Unsere „Hauptstädte“ in den Landkommunen müssen auch Kraftzentren für die ganze Kommune sein – das schadet nicht den ländlichen Raum. Für diesen müssen allerdings neue Lösungen gefunden werden, meint Chefredakteur Gwyn Nissen.

Überall in Dänemark finden in diesen Tagen Wahlveranstaltungen statt, denn in vier Tagen werden in Dänemark neue Kommunalvorstände und Regionsräte gewählt. Dabei kommt sehr oft die Balance zwischen Stadt und Land zur Sprache: Grundlegend sind alle vier nordschleswigschen Kommunen Landkommunen (zumindest wenn man aus Kopenhagen oder Aarhus Richtung Süden blickt). Aber in Nordschleswig sind Sonderburg, Hadersleben, Apenrade und Tondern die vier „großen Städte“, in denen laut Kritiker „zu viel Macht und zu viele Institutionen“ konzentriert werden.

Seit der Kommunalreform vor zehn Jahren fühlen sich Orte wie zum Beispiel Scherrebek, Norburg, Rothenkrug oder Gramm vom Zug abgehängt.

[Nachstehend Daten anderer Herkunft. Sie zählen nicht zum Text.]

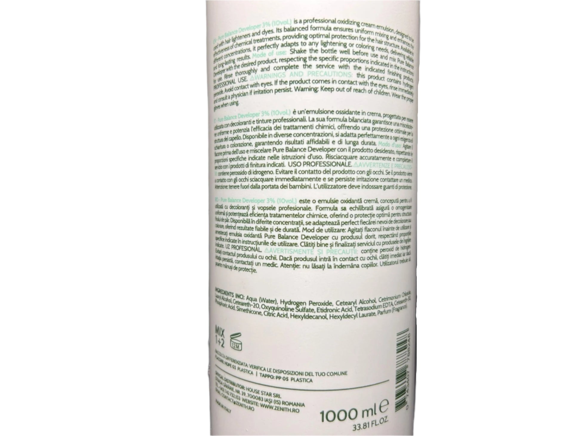Pure Balance Developer este o emulsie oxidantă cremă, concepută pentu a fi utilizată cu decoloranți și vopsele profesionale.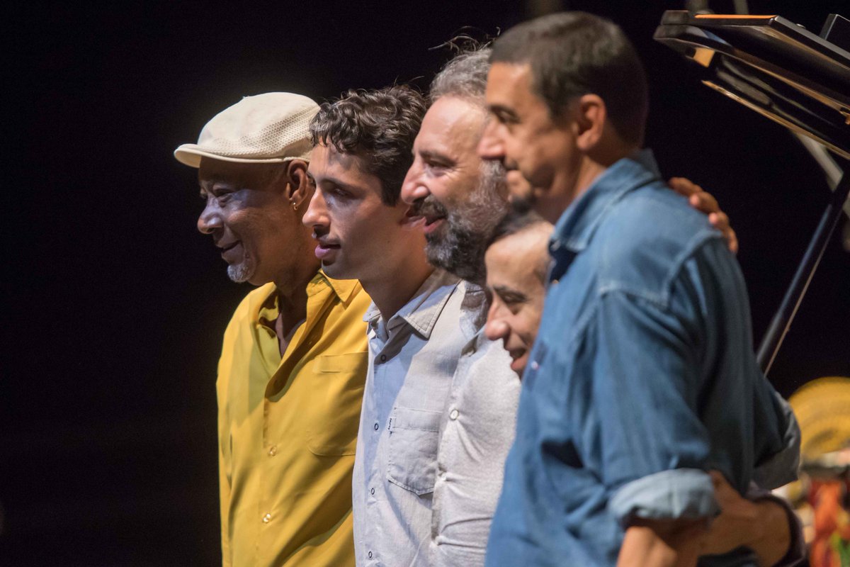 QUE BOM! È già festa in #Brasile, nel primo giorno di registrazione del nuovo disco italo-brasiliano di Stefano Bollani, a #RioDeJaneiro con Jurim Moreira (batteria) Thiago Da Serrinha (percussioni), Jorge Helder (basso) e Armando Marcal (percussioni). © Vinícius Giffoni

Hier gab es früher noch eigene Rathäuser, aber jetzt ist alles in die „Großstadt“ umgezogen.

Was zum Teil stimmt: Die Kommunen haben, um zu sparen, zentralisiert. Außerdem erfahren die alten Rathaus-Standorte und die Dörfer drum herum nicht mehr die gleiche Aufmerksamkeit wie früher: Das neue Rathaus und die Politiker sind weiter weg. Auch das stimmt, und deshalb hat jede Kommune mit Respekt vor sich selbst auch eine eigene Politik für den ländlichen Raum. Doch das kommt nicht bei allen Bürgern rüber. Sie erleben nur, dass Sonderburg ein neues Multikulturhaus bekommt, dass in Tondern ein neues Rathaus gebaut wird, dass die neue Multihalle in Apenrade platziert wird und der Streetdome in Hadersleben.

Aber auch das muss sein. Eine Balance zwischen Stadt und Land bedeutet nicht, dass auch Guderup ein Multikulturhaus haben muss oder dass in Tingleff eine Halle mit Kapazität für 3.000 Zuschauer gebaut wird.

Unsere „Hauptstädte“ müssen auch Kraftzentren für die ganze Kommune sein – das schadet nicht dem ländlichen Raum. Für diesen müssen allerdings neue Lösungen gefunden werden: zum Beispiel bürgernahe Demokratie und Mitbestimmung sowie intelligente Transportlösungen mit guten Verbindungen, die von Kommunen und Nutzern bezahlt werden können. Das örtliche Vereinsleben, Schulen und Kindergärten benötigen Unterstützung. Nur dann gibt es eine Balance zwischen Stadt und Land.